• _Work item_
In the material below, find the line that contains "CHIMALHUACAN, ESTADO DE" and the line that contains "而在游戏页面滑动屏幕的左上角", then write out exactly those two lines and everything between them.

• _Given entries_
=== Begin Enclosure ===

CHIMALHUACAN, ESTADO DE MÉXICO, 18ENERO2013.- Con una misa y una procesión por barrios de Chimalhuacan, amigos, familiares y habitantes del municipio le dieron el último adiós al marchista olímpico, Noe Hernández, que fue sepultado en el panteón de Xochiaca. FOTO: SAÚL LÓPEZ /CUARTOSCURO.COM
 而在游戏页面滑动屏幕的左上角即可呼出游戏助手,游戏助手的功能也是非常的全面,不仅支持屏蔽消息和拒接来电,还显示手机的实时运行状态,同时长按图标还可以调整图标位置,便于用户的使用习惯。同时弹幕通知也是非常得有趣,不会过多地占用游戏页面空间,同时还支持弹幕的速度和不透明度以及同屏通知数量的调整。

=== End Enclosure ===
=== Begin Enclosure ===

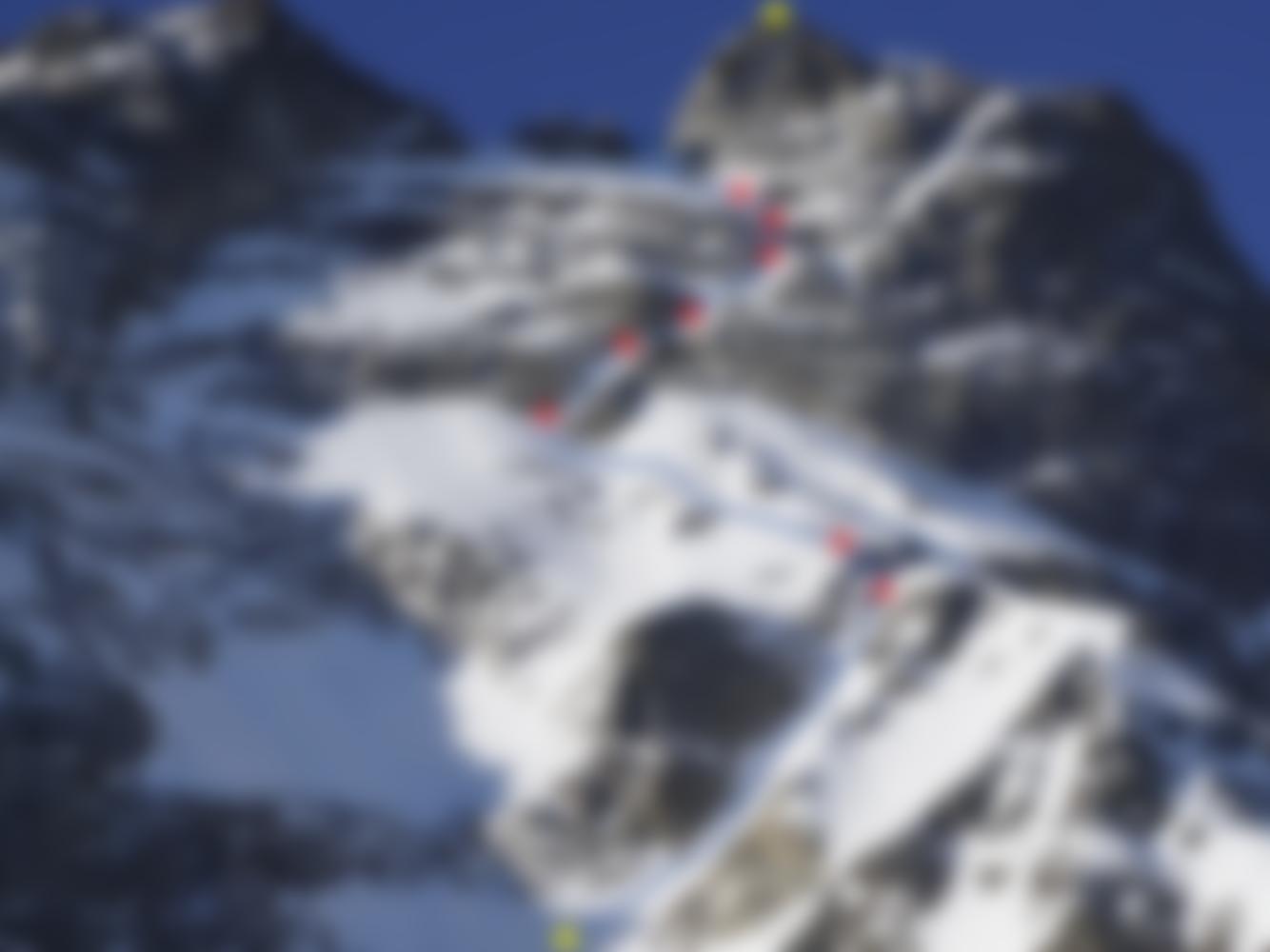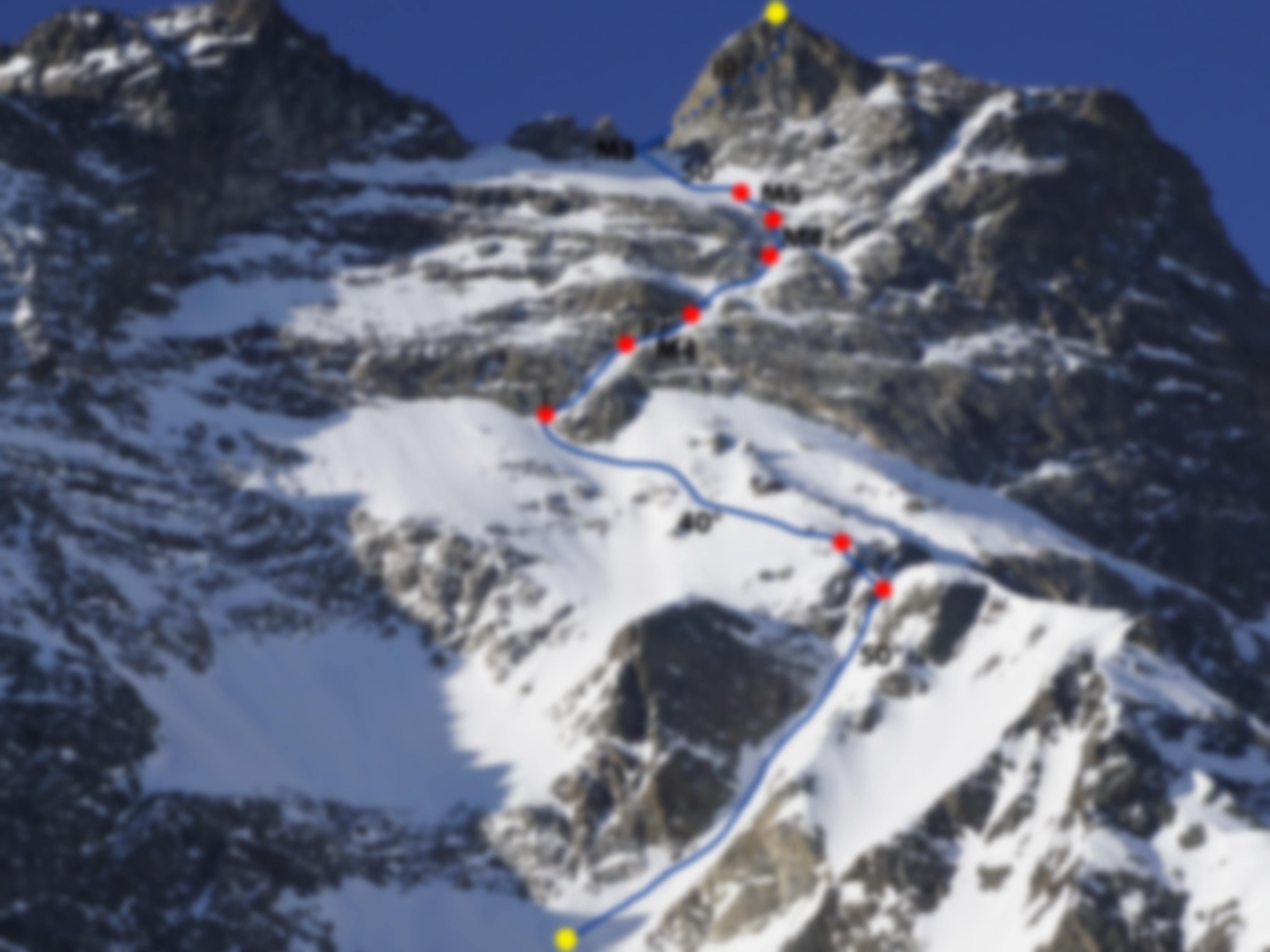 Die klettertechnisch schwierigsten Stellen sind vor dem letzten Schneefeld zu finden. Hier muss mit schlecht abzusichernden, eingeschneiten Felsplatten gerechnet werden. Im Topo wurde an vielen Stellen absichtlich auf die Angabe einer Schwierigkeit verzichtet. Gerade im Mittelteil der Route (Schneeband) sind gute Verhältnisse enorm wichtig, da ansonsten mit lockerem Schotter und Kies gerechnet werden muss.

=== End Enclosure ===

• _Result of the exercise_
CHIMALHUACAN, ESTADO DE MÉXICO, 18ENERO2013.- Con una misa y una procesión por barrios de Chimalhuacan, amigos, familiares y habitantes del municipio le dieron el último adiós al marchista olímpico, Noe Hernández, que fue sepultado en el panteón de Xochiaca. FOTO: SAÚL LÓPEZ /CUARTOSCURO.COM
 而在游戏页面滑动屏幕的左上角即可呼出游戏助手,游戏助手的功能也是非常的全面,不仅支持屏蔽消息和拒接来电,还显示手机的实时运行状态,同时长按图标还可以调整图标位置,便于用户的使用习惯。同时弹幕通知也是非常得有趣,不会过多地占用游戏页面空间,同时还支持弹幕的速度和不透明度以及同屏通知数量的调整。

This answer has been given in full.